Hi Ryan,
Thank you for your response. That aligns with my expectations, but it seems like there's something wrong in my pipeline. I know that the models I'm using aren't completely matching the data, but I also know that the parameters estimated are orders of magnitude off.
I'm using variant data from 59 individuals (30 and 29) stored in a .vcf, which I project to a SFS of 2n-2, which could be smaller. My base genome (autosomal) has 1.98 Gb mappable sites, and I called variants from ~9x coverage data. Filtering reduced 130,436,888 variants to 66,067,163 sites. I do not have an invariant VCF as it's whole-genome and that file size is unwieldy, but as a base approximation I could assume that 51% of the initial sequence length is my final sequence length (1Gb).

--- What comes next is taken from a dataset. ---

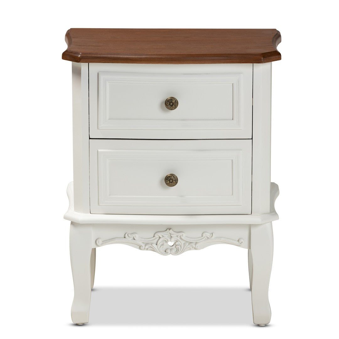 Add classic French charm and practical storage to your living room or bedroom with this elegantly crafted 2-drawer end table. The Darlene combines traditional design elements—cabriole legs, inset paneled drawers and floral brass knobs—with a two-tone white and cherry brown finish to create a refined focal point that pairs easily with both vintage and modern decor. Fully assembled and thoughtfully proportioned, it provides display space on top plus concealed and open storage for everyday essentials.

When I look at my model outputs, the population sizes and time intervals look way low. I assume that this is related to how I'm scaling it, but it could be that the model is a poor fit, or that I'm making an error in the process somewhere. But, for my best fit replicates, I'm getting nref=10000, npops=(500,2500), split_T~2700-5600. Some replicates have further split times, but the population sizes are all pretty small across all replicates and models. Nucleotide diversity for the populations is around (0.23%,0.21%) which is a couple of orders of magnitude off what I'd estimate using dadi outputs (.0007 - .004 %).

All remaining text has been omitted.